Tricia’s Wedding, a 33-minute dramatization of the solemn rite that joined Patricia Nixon and Edward Cox in holy matrimony, was the first movie the Cockettes made. Per Kenneth Turan, it premiered at the Palace Theater in the North Beach neighborhood of San Francisco on the very day of the happy event, June 12, 1971. Not only is the Cockettes’ movie much livelier than the televised ceremony, it includes the all-too-brief screen debut of Tomata du Plenty, some five years before he formed the Screamers in Los Angeles.

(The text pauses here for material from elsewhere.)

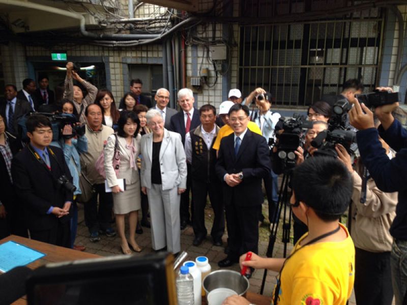 美國環保署署長吉娜‧麥卡錫(Gina McCarthy)及美國野生動物基金會執行長Laura Hickey等在環保署長魏國彥陪同下,前往建安國小頒發Eco-school綠旗認證。(圖/記者黃村杉攝)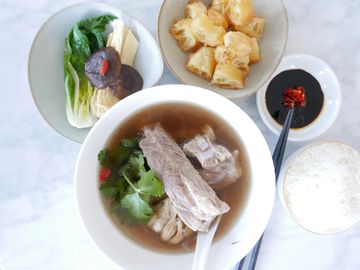'Pork Bone Tea'. Soft bone spare ribs simmered in a herbal & peppery soup with Napa cabbages, shiitake & goji berries. A Teochew classic, perfect for 2nd breakfast with fried dough stick. 'youtiao' & a pot of Oolong tea.

Incredibly, the Cockettes’ movie was screened in the Nixon White House. In Blind Ambition, John Dean mentions watching it in the president’s bomb shelter underneath the East Wing, John Ehrlichman’s favorite spot for “monitoring” protests. There, Dean saw Tricia’s Wedding on the orders of H.R. “Bob” Haldeman:

I knew I wouldn’t use the shelter for monitoring demonstrations, although Haldeman had told me that that would be one of my responsibilities. The only time I ever returned there was for a secret screening of Tricia’s Wedding, a pornographic movie portraying Tricia Nixon’s wedding to Edward Cox, in drag. Haldeman wanted the movie killed, so a very small group of White House officials watched the cavorting transvestites in order to weigh the case for suppression. Official action proved unnecessary; the film died a natural death.

Continues after the jump…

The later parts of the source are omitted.